I held my nephew while taking your clothes off of hangers, back into boxes and suitcases.
I've moved your things four times in the past year. This time everything was new:
dishes, silverware, cutting boards, all matching red and silver. It all smelled like plastic.
You just bought a box of Good Earth spiced tea. When I smell it now, I want to throw up.
A part of me is missing, like waking up from a dream you felt you had no control over, you could only watch what was happening to you and try to wake yourself up.
Someone sent a package today with patchouli mist, incense, sage wands, a vile of water from the Jordan River where Jesus fished and bathed, earrings, a chocolate bar, and dog treats. I didn't know who sent it. The handwriting looked just like yours. I wasn't reading carefully enough. It wasn't signed with a name, only, 'Love Always.' I thought you had sent me a package and wondered how you got to the Jordan River before you died. I thought it was from you. I cried on my knees on the kitchen floor. I called "Mom" over and over until I lost my voice. Both grandmothers and mother dead with a year and a half of each other, all on the 28th of a month, the year before my 28th birthday.
I thought my mother was dead before I found her body.
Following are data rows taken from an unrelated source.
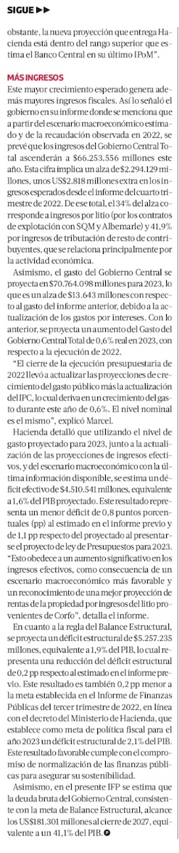 Chile esquivaría recesión en 2023: Hacienda mejora proyección del PIB pero ajusta 2024 - (Diario Financiero)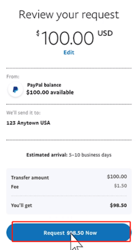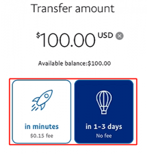 This method is in two ways to withdraw your money from the PayPal account. If you want to get an instant transfer, it will be charged; if you donāt want to pay charges, you can choose to receive it in 1-3 days.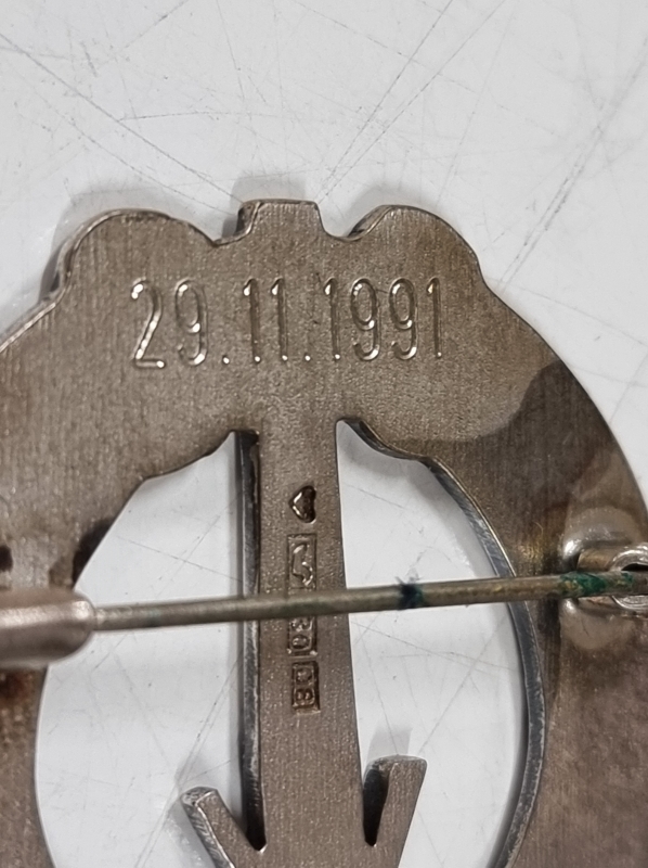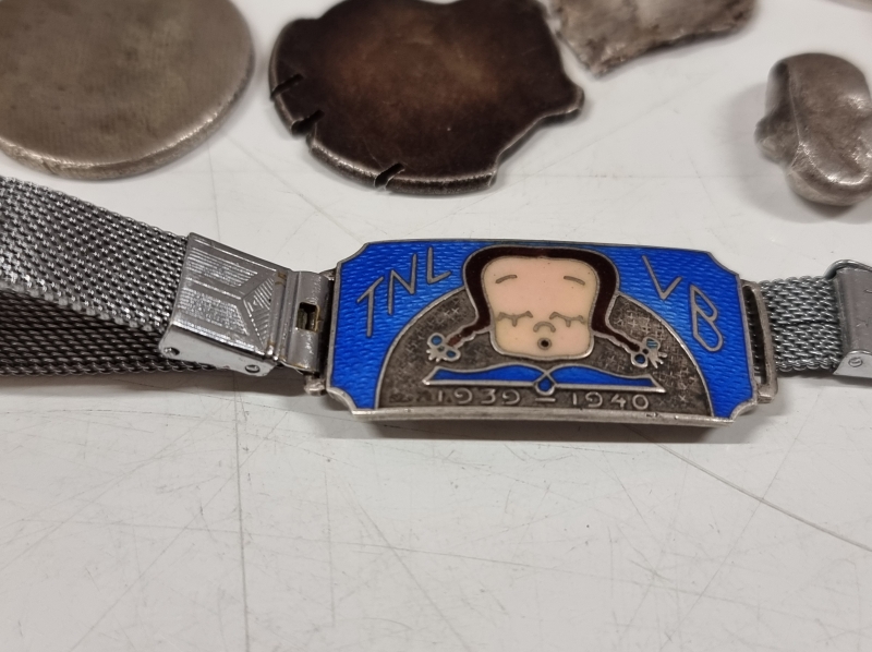 #1585 Hopeisia rintamerkkejä, rannekoru ym. Kaikki merkit eivät ole hopeaa.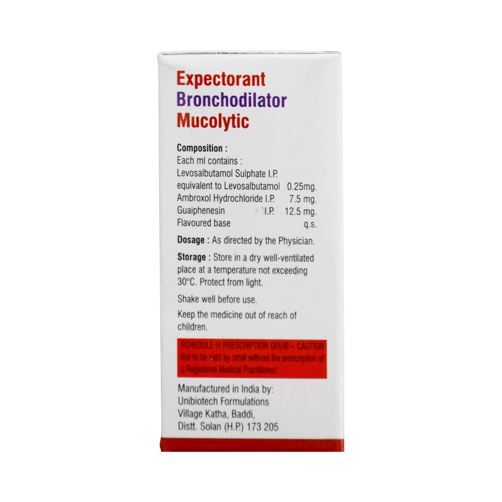 Salt Composition: Ambroxol (7.5mg/ml) + Levosalbutamol (0.25mg/ml) + Guaifenesin (12.5mg/ml)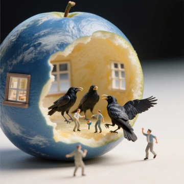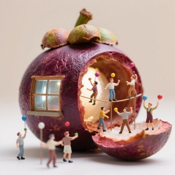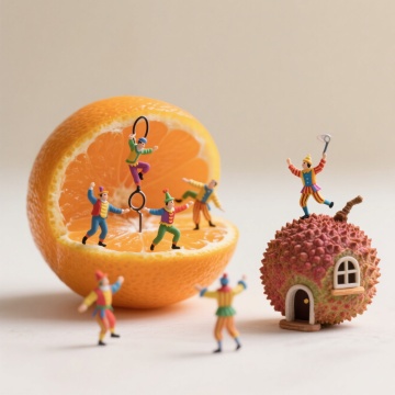 一颗巨大的橘子外壳,果肉被掏空,外壳剥开一块,里面是一群小人在耍杂技,荔枝壳上安了窗户。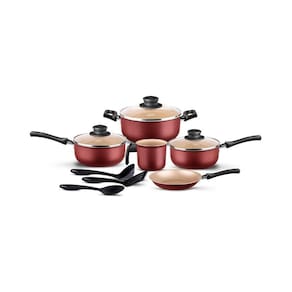 Para deixar a sua cozinha ainda mais bonita e funcional, garanta as peças da Linha Seletta, com composição em alumínio, espessura de 1,2mm e cozimentos muito mais práticos. Sem contar toda a durabilidade dos itens, unida a um design atemporal e elegante. Pegadores, cabos e alças feitos de baquelite antitérmico garantem maior segurança durante o manuseio, evitando que você se queime. A MTA criou a Linha Seletta para apresentar ao mercado um conjunto de itens especialmente pensados para a sua cozinha, se adaptando ao seu cotidiano enquanto ainda mantém a qualidade. Lembrando que aconselhamos a não usar as panelas sem óleo. Também deve-se evitar o uso de utensílios de metal em atrito com a panela, podendo danificar o revestimento da mesma - prefira nylon, silicone ou madeira. Características: Marca: MTA Código do Fabricante: 8834 Linha: Seletta Cor: Cereja Material: Alumínio Material da Alça/Pegador: Baquelite Material dos Utensílios: Nylon Antiaderente: Sim Espessura: 1,2mm Fogões Compatíveis: Gás, elétrico e vitrocerâmico Conteúdo: 1 Caçarola 20cm, 1 Colher, 1 Concha, 1 Espátula, 1 Fervedor 12cm, 1 Frigideira Francesa 18cm, 1 Panela 16cm e 1 Panela 18cm Compatível com Lava-louças: Sim Material das Tampas: Vidro temperado Saída de Vapor: Sim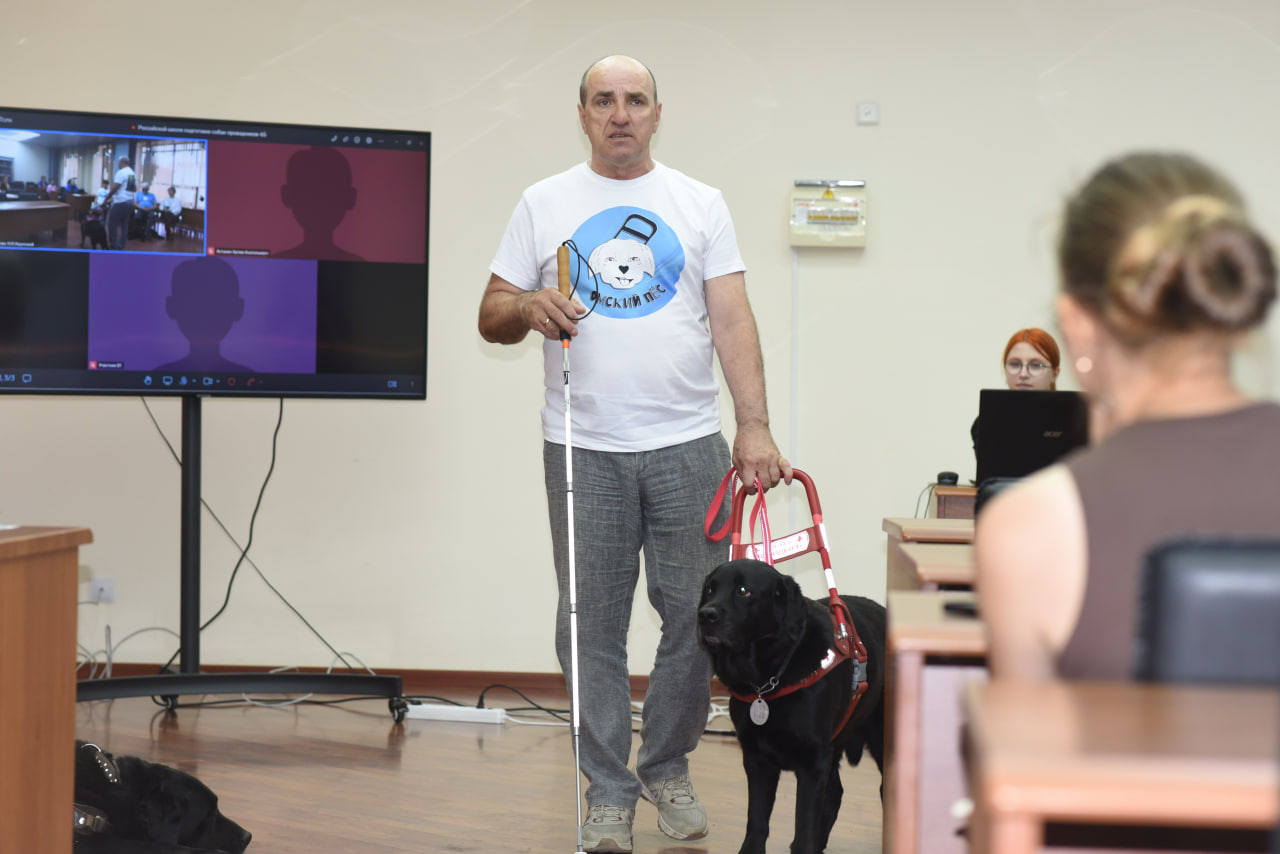 Во время конференции вышел на связь директор российской школы подготовки собак-проводников Всероссийского общества слепых Артём Астанин.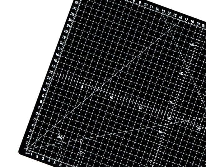 Easy to read measurements in white with 30, 45, 60 and 90 degree angles lines.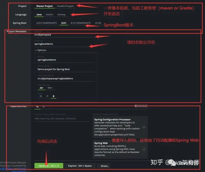 我们只需要在这个网页中把整个项目起好名字,然后选好我们需要的组件,就可以直接获得一个可以跑起来的SpringBoot项目。
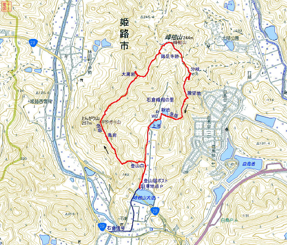 とんがり山257m-峰相山244m(周回) 歩行時間:3時間5分 歩行距離:5.5km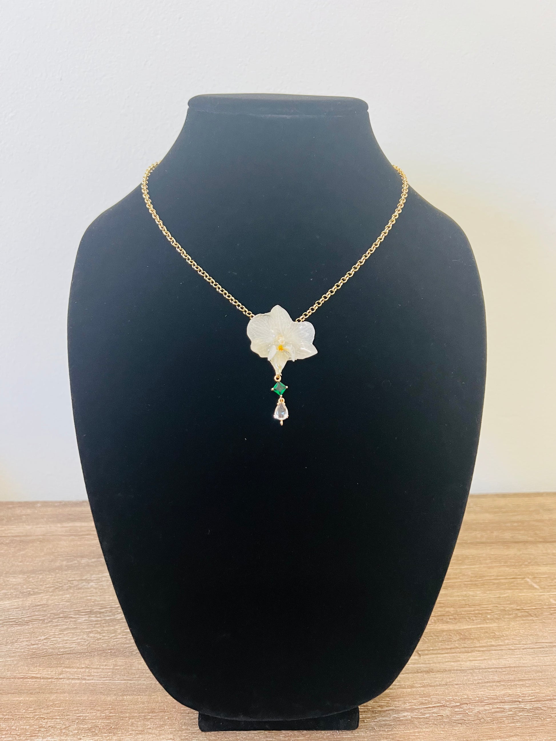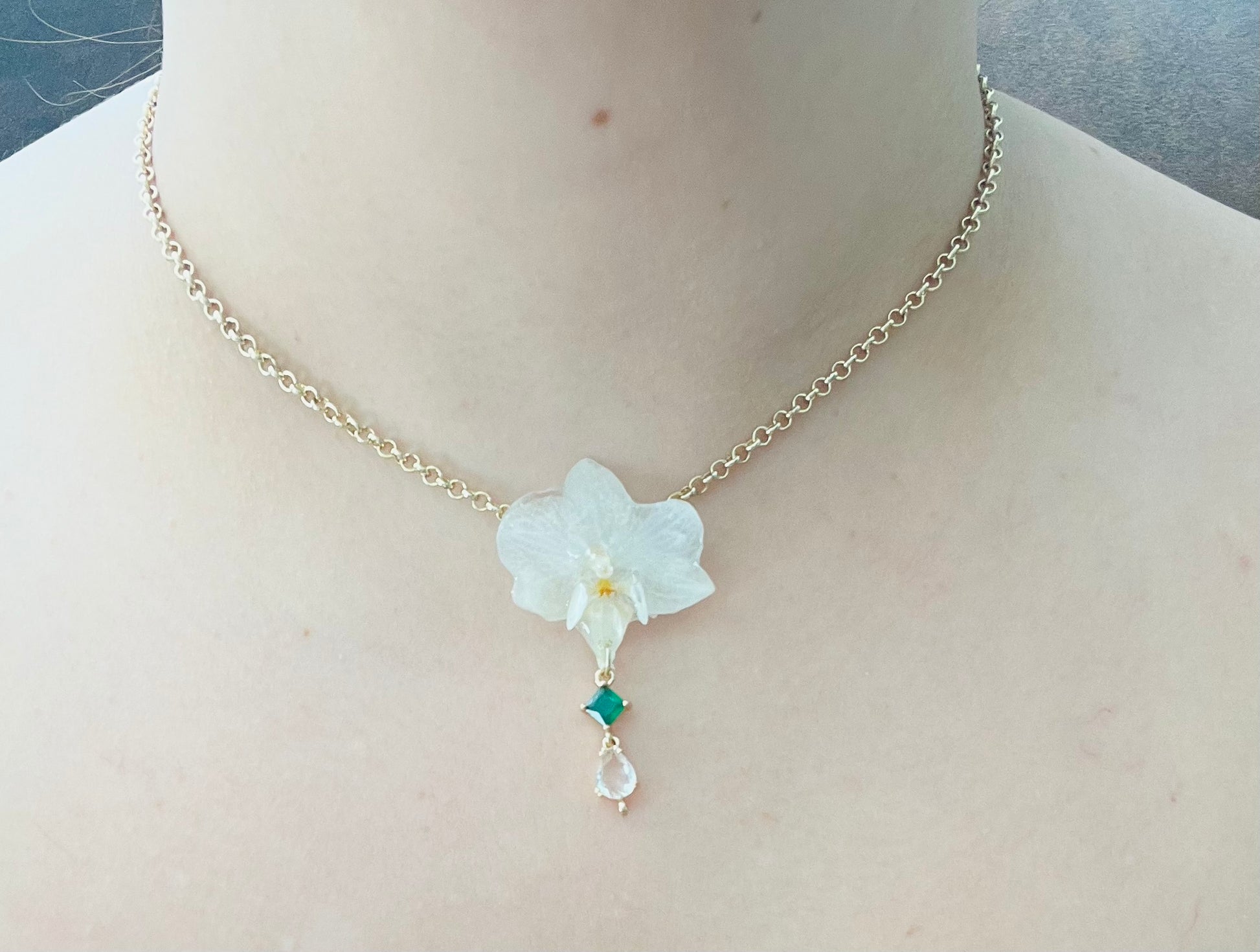 Small Orchid encapsulated in resin, on a gold-plated chain.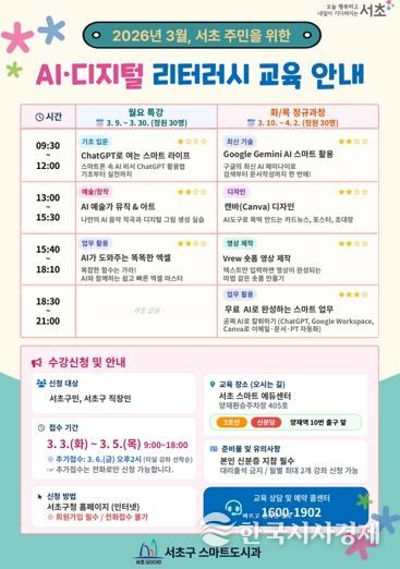 수강 신청은 3일부터 6일까지 서초구청 홈페이지의 통합예약에서 가능하며, 선착순으로 월별 두 강좌까지 신청할 수 있다. AI·디지털 리터러시 교육은 지난해 연간 2,000여 명의 수강생이 참여하고 90%가 넘는 높은 만족도를 기록한 인기 강좌다. 구는 올해도 매월 수준 높은 교육 콘텐츠를 제공하며 수강생들의 만족도를 한층 높여간다는 계획이다.
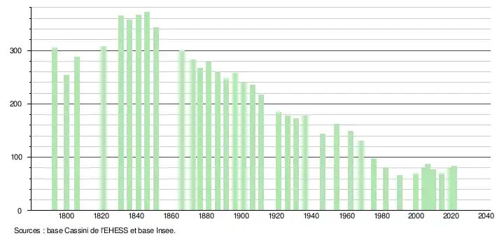 L'évolution du nombre d'habitants est connue à travers les recensements de la population effectués dans la commune depuis 1793. Pour les communes de moins de 10 000 habitants, une enquête de recensement portant sur toute la population est réalisée tous les cinq ans, les populations légales des années intermédiaires étant quant à elles estimées par interpolation ou extrapolation[17]. Pour la commune, le premier recensement exhaustif entrant dans le cadre du nouveau dispositif a été réalisé en 2004[18].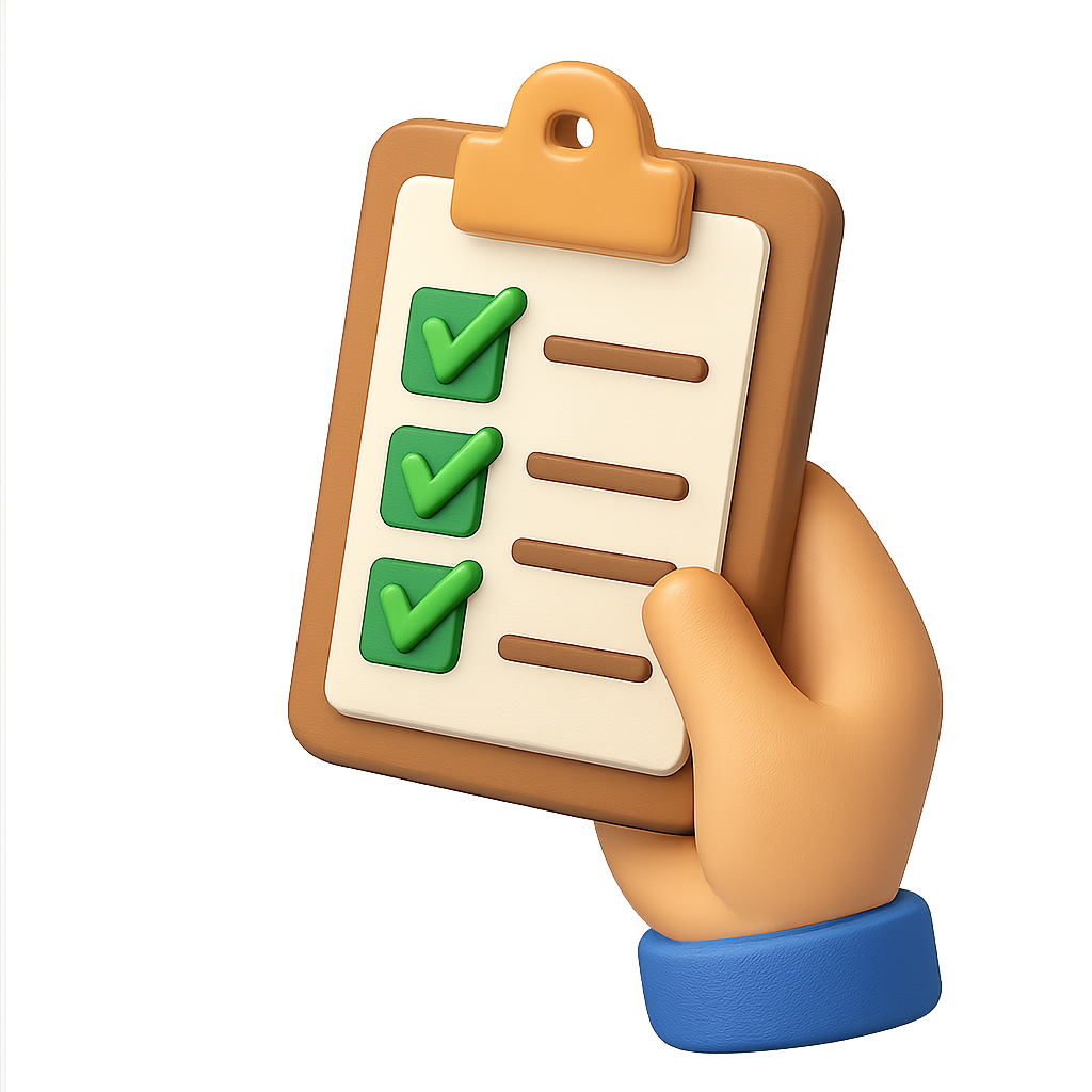 A 3D rendered icon featuring a hand holding a checklist with green checkmarks. The design has a transparent background and showcases a modern isometric style.

I sent her three text messages and her lack of response was reason enough to believe she was not just napping. Her new apartment was right down the street from my house. I timed it while taking one truckload after the next to her doorstep weeks before. In 52 years she had never wanted to live alone. The only time she had was right after my parents divorced and she spent most of her time reading medical dictionaries and mixing prescriptions to create symptoms that would land her in the hospital. She wanted my dad back. She wanted him to nurture her as she had all three of his children and him. We all knew. My father never showed up to hold her hand. He had already moved in with another woman. Her heart was heavy and she spent the next seven years transforming her body to match the weight of it. It could have just been her heart, heavy this time with happiness and purpose since she was a new grandmother. She didn't like visiting the twins in the hospital with me. She said I didn't like to share. I didn't. I held Makayla and sang her Vashti Bunyan folk songs from the sixties about diamond days and blades of grass. When I held Sylas I recited poems and mantras about men being gentle. I wanted to their eyes from the violence of the world they were born into, save them from inevitable lapses of anger deeply rooted in the eyes of their father and grandfather. My mother only wanted to kiss them and let them know she was their Grammy. I had a lesson plan; she had soft hands from raising children.